India’s Department of Telecommunications (DoT) has given the green light to several telecom service providers to begin conducting 5G trials in the country for a six-month period. These firms span multiple nationalities, but exclude Chinese vendors.
In a press announcement DoT said it had given permission to Bharti Airtel, Reliance Jio, Vodafone Idea and MTNL to conduct trials for use of the 5G technology, as well as run applications powered by 5G.The companies approved to start the 5G trials will work with Ericsson, Samsung, Nokia and state-owned technology company C-Dot. India’s Jio Platforms will additionally be allowed to use homegrown technology.
“The experimental spectrum is being given in various bands which include the mid-band (3.2 GHz to 3.67 GHz), millimeter wave band (24.25 GHz to 28.5 GHz) and in Sub-Gigahertz band (700 GHz). TSPs will also be permitted to use their existing spectrum owned by them (800 MHz, 900 MHz, 1800 MHz and 2500 MHz) for conduct of 5G trials,” said the DoT in the press statement.

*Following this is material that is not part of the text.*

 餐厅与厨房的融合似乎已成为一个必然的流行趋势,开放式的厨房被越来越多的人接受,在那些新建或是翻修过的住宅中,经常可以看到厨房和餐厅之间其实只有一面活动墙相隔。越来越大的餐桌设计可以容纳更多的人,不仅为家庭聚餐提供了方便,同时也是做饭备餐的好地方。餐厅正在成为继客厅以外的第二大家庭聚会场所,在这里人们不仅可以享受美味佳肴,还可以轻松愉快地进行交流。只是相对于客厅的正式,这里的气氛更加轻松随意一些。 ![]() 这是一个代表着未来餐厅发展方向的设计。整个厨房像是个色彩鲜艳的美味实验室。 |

The permission letters given by the DoT to each telecom service provider specify that they will have to conduct trials in rural and semi-urban settings also in addition to urban settings so that the benefit of 5G technology proliferates across the country and is not confined only tourban areas.
“The TSPs are encouraged to conduct trials using 5Gi technology in addition to the already known 5G Technology. It will be recalled that International Telecommunications Union (ITU) has also approved the 5Gi technology, which was advocated by India, as it facilitates much larger reach of the 5G towers and Radio networks. The 5Gi technology has been developed by IIT Madras, Centre of Excellence in Wireless Technology (CEWiT) and IIT Hyderabad,” said the DoT press statement.
5G trial objectives
The objectives of the 5G trials include testing 5G spectrum propagation characteristics, evaluation of chosen equipment and vendors, testing of indigenous technology and testing of applications, such as tele-medicine, tele-education, augmented/ virtual reality, drone-based agricultural monitoring and to test 5G phones and devices.

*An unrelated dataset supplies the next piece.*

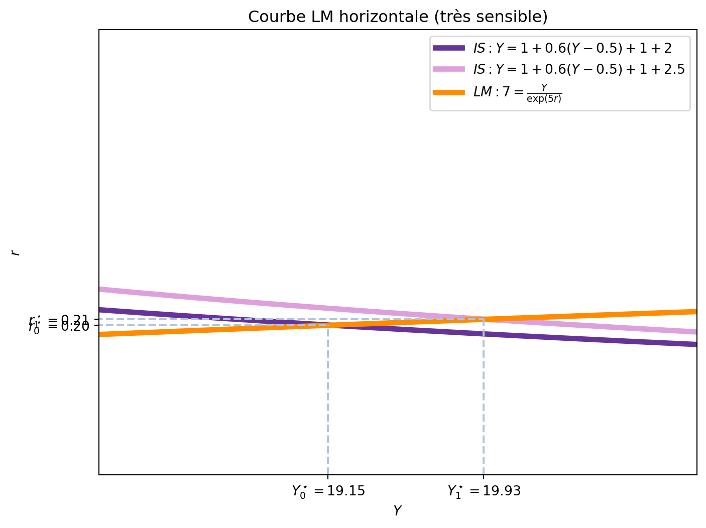 - La sensibilité de la demande d’encaisses réels au taux d’intérêt (\(L^\prime_r\)): Si la demande d’encaisses réels est très sensible aux variations du taux d’intérêt, l’effet d’éviction se minimise. En effet, si la demande d’encaisses réels est très réactive aux variations du taux d’intérêt, une petite augmentation du taux d’intérêt entraînera une réduction très importante de la demande d’encaisses réels. Dans ce cas, il serait possible de compenser l’augmentation de la demande de monnaie induite par \(\Delta G\) avec une augmentation infinitésimale du taux d’intérêt qui ne ferait pas varier l’investissement. Si la demande d’encaisses réels est très réactive par rapport au taux d’intérêt, la courbe LM devient horizontale. La Figure 5.5 montre une courbe LM presqu’horizontale pour le cas où \(L^\prime_r \rightarrow \infty\). Si nous considérons \(c_1 = 0.6\), le multiplicateur simple de \(G\) est \(2.5\), et le multiplicateur total de \(G\) est \(\frac{1}{1-0.6+ (-\frac{1}{r}) \frac{1}{\exp(5 r)} \frac{-\exp{5r}}{5Y}} = \frac{1}{1-0.6+\frac{1}{5 r Y}}\) qui, évalué à l’équilibre initial, de \(Y_0^\star = 19.15\) et \(r_0^\star = 0.2\) est de \(2.21\), assez proche de \(2.5\).

Last year, then US commerce secretary, Wilbur Ross, urged India and other US allies to avoid Huawei. There has also been geo-political tension between India and China, which escalated last year with skirmishes at the shared border between the world’s two most populated nations.

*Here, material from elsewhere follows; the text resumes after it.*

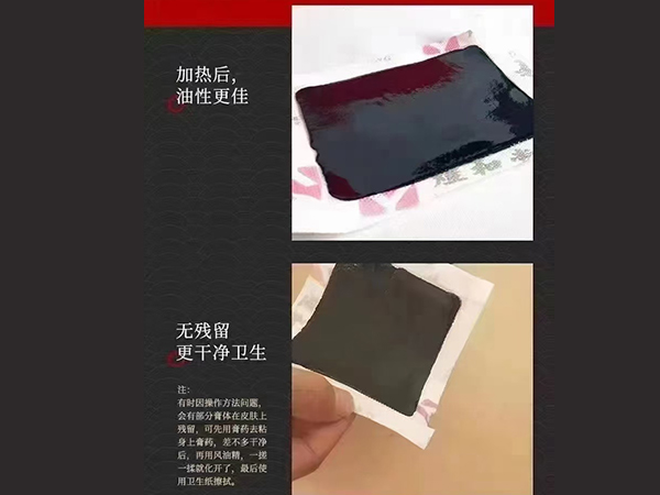 產(chǎn)品說明:注意事項:外用,不要直接粘貼在皮膚上,防止高溫燙傷;使用時若感到過熱,可適當加隔熱墊或外用袋。有皮膚感覺障礙者慎用。禁忌癥

Since India amended a rule early last year, making it difficult for Chinese firms to invest in Indian companies, the country has since banned over 200 apps including TikTok, PUBG Mobile and UC Browser because they have an affiliation with China and there are cybersecurity concerns.
India’s decision not include any Chinese vendors in their 5G trials follows similar decisions made by the UK, US and Australia, who have all expressed concerns about Huawei and ZTE because of their ties with the Chinese government.